A good reference is Garratt, J. R. "The Atmospheric Boundary Layer",
Cambridge University Press, 1992. For a discussion of the detailed
form of the similarity theory used in this module, see
monin_obukhov.tech.ps
The particular form of the monin-obukhov similarity theory utilized
is defined by the similarity functions phi_m and phi_t chosen, where
du/dzeta = phi_m * u_star/( vonkarm * zeta )
db/dzeta( = phi_t * b_star/( vonkarm * zeta )
(where b = buoyancy or specific humidity,
vonkarm = Von Karman's constant
u_star = friction velocity (stress = density*u_star**2)
b_star = buoyancy scale (flux = density*u_star*b_star)
zeta = z/L
z = height of lowest model level
L = monin_obukhov length )
We use:
on the unstable side
phi_m = (1 - 16.0*zeta)**(-0.25)
phi_t = (1 - 16.0*zeta)**(-0.5)
on the stable side -- phi_t = phi_m
there are two options
option_1: phi = 1.0 + zeta*(5.0 + b_stab*zeta)/(1.0 + zeta)
where b_stab = 1/rich_crit
(rich_crit is a namelist parameter)
option_2: phi = 1 + 5.0*zeta (zeta < zeta_trans)
= 1.0 + (5.0 - b_stab)*zeta_trans + b_stab*zeta
(zeta_trans also a namelist parameter)
In order to change these similarity functions, one would need to
1) modify the defintion of phi_m and phi_t in the internal
subroutines mo_derivative_m and mo_derivative_t
2) provide analytical versions of the integral similarity
functions (PHI_m = int(zeta_0 to zeta) of phi/zeta)
(see notes) in the subroutines mo_integral_m and mo_integral_tq
3) modify stable_mix to be consistent with the new similarity functions
(see notes) (mod_diff will take care of itself)
This modules uses
constants_mod, only : grav, vonkarm
utilities_mod, only : error_mesg, FATAL, file_exist, &
check_nml_error, open_file, &
get_my_pe, close_file
use monin_obukhov_mod [,only: mo_drag , &
mo_profile , &
mo_diff , &
stable_mix ]
mo_drag : computes the drag coefficients for momentum, heat, and moisture;
also returns u_star (the friction velocity) and
b_star (the buoyancy scale)
mo_profile : provides the profile of momentum, temperature, and
specific humidity in the constant flux layer
-- useful when one needs
model output at a standard level below the lowest
model level. For example, the term "surface wind"
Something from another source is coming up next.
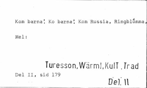 //// Kom barna'. Ko barna'. Kom Rus sia, Ringblomma; Mel: //// Turesson,Wärml.KulT Jrad //// Del II, sid 179 //// Del U ////

in meteorology often refers to
the wind 10 meters above the surface.
mo_diff : computes the difusivity that, acting in isolation,
would produce the correct profiles in ths surface layer
stable_mix : returns f(Ri) under stable conditions where Ri is the
local Richardson's number, from which on can compute the
diffusivity that produces the correct profile in the constant
flux layer from D = l**2 |dv\dz| F(Ri) where l = vonkarm*z .
Useful for matching a local Ri-dependent diffusivity in the free
atmosphere under stable conditions o that implied by the
surface layer profile
Notes:
all of the interfaces can be called with either 2d, 1d or 0d in/output.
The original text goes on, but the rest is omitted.